Ein Kommentar von Stephan Grigat
Erschienen in: Der Standard vom 14.07.2015

US-Präsident Bill Clinton trat 1994 vor die Presse und lobte das soeben vereinbarte Abkommen zum nordkoreanischen Atomprogramm als „good deal“, der die ganze Welt sicherer mache. Zwölf Jahre später meldete das Regime in Pjöngjang den ersten erfolgreichen Test einer Nuklearwaffe. Die Atombombe der Kim-Dynastie wurde möglich, weil ihr Nuklearprogramm zwar beschränkt wurde, die Infrastruktur dieses Programms aber intakt blieb. Exakt das ist auch das Problem beim Abkommen der fünf Vetomächte im UN-Sicherheitsrat und Deutschlands mit dem iranischen Regime.

Wenn man sich die Entwicklung seit der UN-Sicherheitsratsresolution von 2006 ansieht, in der eine vollkommene Einstellung der Urananreicherung im Iran gefordert wurde, kann dieses Abkommen nur als Kapitulation vor den Ayatollahs bezeichnet werden. Während es bis 2013 um eine Abrüstung des Nuklear- und Raketenprogramms ging, geht es nun nur noch um seine Begrenzung. Diese Herangehensweise hat schon jetzt ein nukleares Wettrüsten mit den arabischen Staaten ausgelöst, bei dem insbesondere die mit Teheran konkurrierende wahhabitische Religionsdiktatur in Saudi-Arabien alles daran setzt, eine dem Iran ebenbürtige nukleare Infrastruktur zu errichten, was ihr durch ihre Beziehungen zur Atommacht Pakistan nicht schwerfallen dürfte.

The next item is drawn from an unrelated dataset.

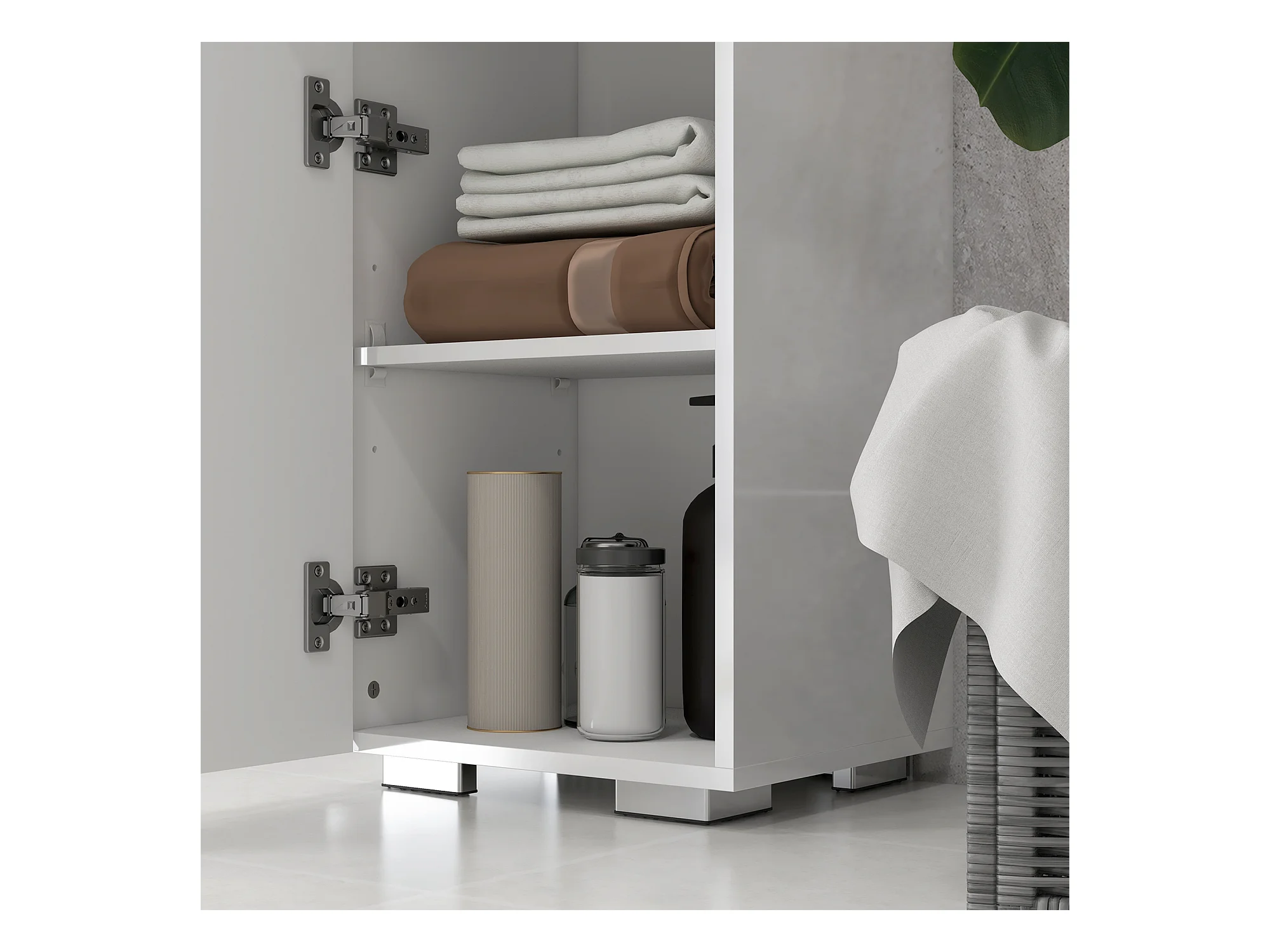 Mobiletto da bagno con anta a cestone e ripiani regolabili, MDF, bianco (66,6x29,8x86,5 cm)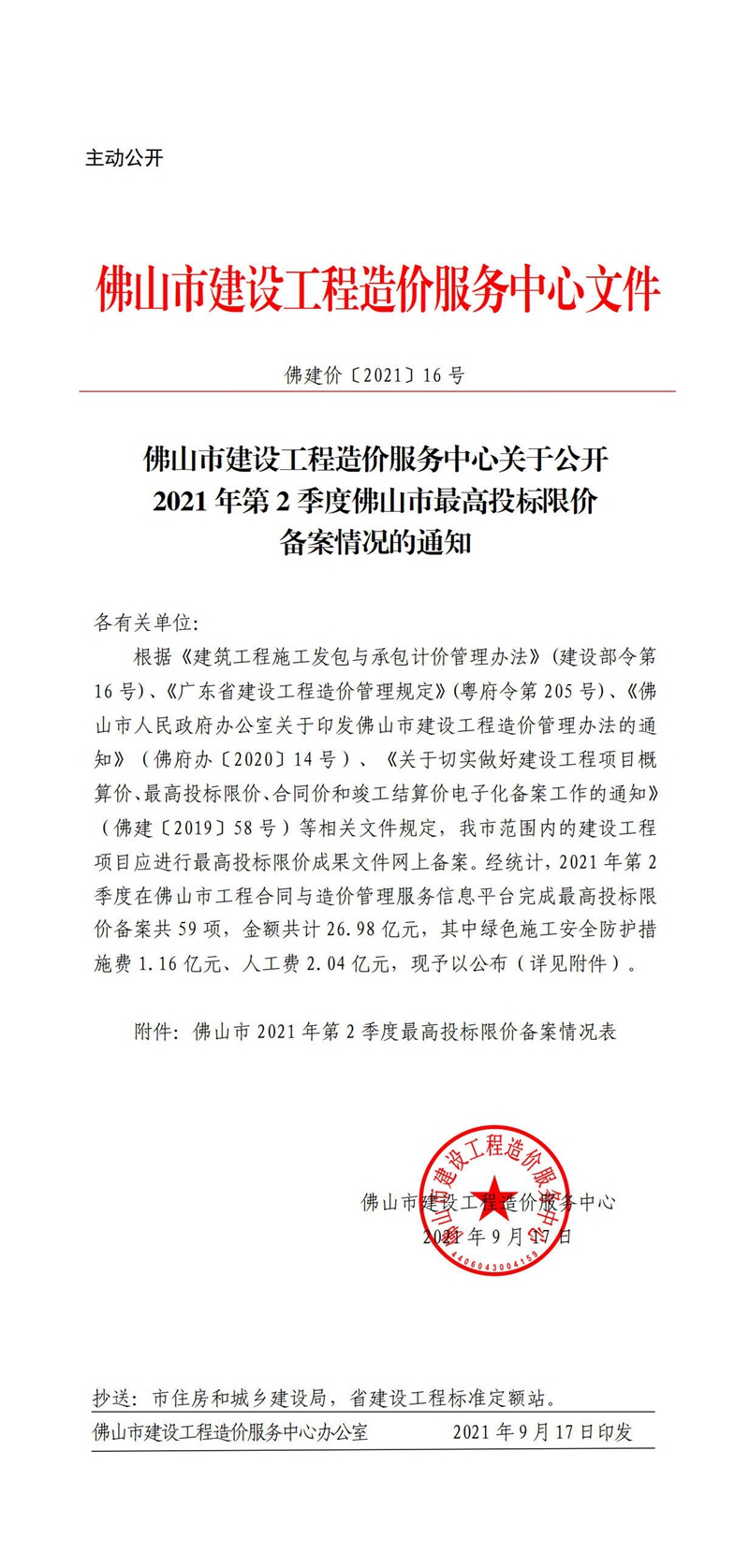 佛山市建設工程造價服務中心關于公開2021年第2季度佛山市最高投標限價備案情況的通知

US-Präsident Barack Obama hatte in der Vergangenheit betont, dass es für ein „ziviles“ Atomprogramm keiner tief in einen Berg eingegrabenen Anlage wie in Fordow bedürfe. Doch nun kann die iranische Seite trotz nicht unwesentlicher Einschränkungen hinsichtlich des Nuklearprogramms triumphierend vermelden, dass keine einzige Atomanlage geschlossen wird. Nach allem, was bisher bekannt ist, werden zwei Drittel der Zentrifugen zwar in einem Lager eingemottet, aber keine wird verschrottet. Das Raketenprogramm bleibt unangetastet.

Spätestens nach dem Auslaufen des Abkommens hätte der Iran nahezu all seine Ziele erreicht: Die Infrastruktur des Atomprogramms wäre weitgehend intakt, die Sanktionen schon lange Geschichte, wodurch finanzielle Mittel bereitstünden, die Ergebnisse jener Atomforschung, die dem Iran offenbar auch während der Laufzeit eines Abkommens in vielen Bereichen erlaubt bleiben soll, in moderne Nukleartechnologie umzusetzen.

Das iranische Regime könnte also abwarten und sich einfach an die Bestimmungen des Deals halten. Die Machthaber in Teheran haben aber auch die Option, jederzeit aus dem Abkommen auszusteigen. Die Beteuerung, die Sanktionen könnten dann ebenso wie bei Verletzungen eines Abkommens durch Teheran umgehend wieder in Kraft gesetzt werden, ist schlicht unrealistisch.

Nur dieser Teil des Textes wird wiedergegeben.